Friday, March 23, 2007

NVIDIA Ships 128-Core Graphics Cards for High-End Film Editors

NVIDIA just cranked up its highest-end Quadro graphics cards a notch or two, rolling out three products, the NVIDIA Quadro FX 4600, Quadro FX 5600 (pictured above), and NVIDIA Quadro Plex VCS Model IV that the company says represents the biggest leap in performance for its graphics cards yet. One giant leap indeed, because these parallel processing monsters have the rough equivalent of 128 1.35GHz processors cranking away at graphics in a whole new way.
These cards have more circuitry than ever, with three quarters of a billion transistors on board, and NVIDIA says not only can they display larger graphics faster than ever but use a concept called GP-GPU, allowing general-purpose programs to run on the GPU instead of the CPU.
Sharing some of the same technology with NVIDIA's GeForce 8 series of consumer cards released last November, these cards are aimed at high-end film effects artists and oil and gas explorers, and maybe a few absolutely fanatic gamers. More info, pics and pricing, plus a tantalizing hint from NVIDIA about Apple's interest in this technology, after the jump.

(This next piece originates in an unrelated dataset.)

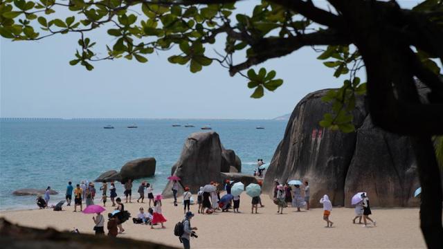 在海南省三亞市天涯海角旅游景區,游客在參觀游覽(4月13日攝)。新華社記者 李夢嬌 攝

Additional features in the new Quadro solutions include faster 3D texturing and massive 8Kx8K texture processing for better performance when zooming and panning of high-resolution images; NVIDIA® SLI™ technology for improved graphics performance; dual dual-link display connectivity; and NVIDIA® PureVideo™ technology for outstanding picture clarity, smooth video playback, and accurate color and precise image scaling for SD and HD content. NVIDIA GSync and HD SDI options are also offered.